Bradbury employs such ironic imagery to show that Beatty is still able to possess the kind of clear (or blank) conscience which the nervous Montag fortunately no longer has. Beatty unwittingly may be the novel’s best spokesperson against the stifling anti-intellectualism of his society, but he refuses to let any doubts interfere with his work; unlike Montag’s, his hands never waver. Bare minutes after the tense firehouse scene, Beatty forces Montag to burn down his own house. As Beatty berates him and threatens to track down Faber, Montag finds himself “twitch[ing] the safety catch on the flame thrower” (119). Again, Bradbury has the conscience drive the hands onward even before the conscious mind has reasoned out the situation: “Montag … himself glanced to his hands to see what new thing they had done. Thinking back later he could never decide whether the hands or Beauty’s reaction to the hands gave him the final push toward murder” (119). Even when Montag finally kills the taunting Beatty, Bradbury displaces him syntactically from the center of the action. Describing Beatty, Bradbury writes, “And then he was a shrieking blaze, a jumping, sprawling, gibbering mannikin, no longer human or known, all writhing flame on the lawn as Montag shot one continuous pulse of liquid fire on him” (119). While Bradbury does identify the actor as Montag rather than as his disembodied hands, the abrupt transformation of Beatty and the placement of Montag toward the end of the sentence emphasize the spontaneity of the action. Should any doubts remain about the correctness of the action of Montag’s conscience-driven hands, Bradbury has Montag think moments later in his flight, “Beatty wanted to die”; (122). Though Montag would not have killed Beatty willingly, his hands expressed what he consciously understands only later: “[B]urn them or they’ll burn you. … Right now it’s as simple as that” (123).
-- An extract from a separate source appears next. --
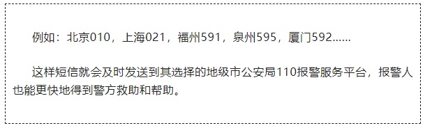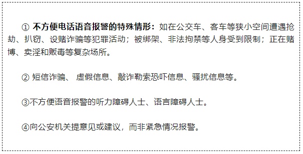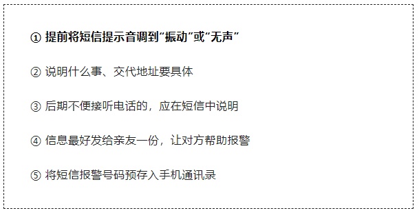 “中国警方在线”近日发布提醒:遇到陷入传销窝点、入室盗窃抢劫、聋哑人报警等不方便打电话的情况时,都可以简明扼要描述正在遭受的侵害,是否方便接听警方电话,然后迅速给12110发短信报警,警方会第一时间处置报警,将你救出险境。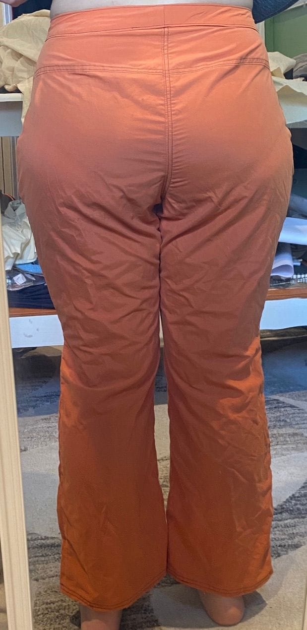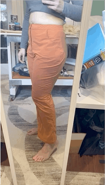 The thing that's keeping it from being a wearable muslin, however, is due to a combination between the fabric and the pattern: the fabric itself has zero stretch, and the pattern doesn't accommodate for the variation in body mass during movement. In other words, the pants fit pretty okay while I'm standing still, but I can't move in them at all!

When Montag escapes into the wilderness and joins a group of book-memorizing intellectuals, his first glimpse of them shows only “many hands held to [the campfire’s] warmth, hands without arms. …” (145). After several pages of highly didactic conversation with the group’s leader.

Montag helps put out the campfire: “The men helped, and Montag helped, and there, in the wilderness, the men all moved their hands, putting out the fire together” (154). Certainly putting out the fire is symbolic of stopping society’s book burning, but Bradbury’s explicit mention of hands seem equally symbolic, for now hands are revealed as an unambiguous force for good. Montag shows this again when he realizes that the future will “come out our hands and our mouths” (161). Good thus comes not only from thinking and talking but from actually doing as well. Bradbury reiterates this important point when Montag thinks, “I’ll hold onto the world tight someday” (162); just as hands may carry out deeds of conscience before the mind has fully decided, once the decision has been made, the conscience-driven hands must then follow though. With his imagery of hands, Bradbury seems to suggest that actions may indeed speak louder than words. It is doubtful that our hands will ever simply reflect the conscience as Montag’s so conveniently do, but it is equally doubtless that they should. Though blind self-righteousness may be most comfortable. Bradbury shows that the uncertainty of following one’s conscience is morally preferable.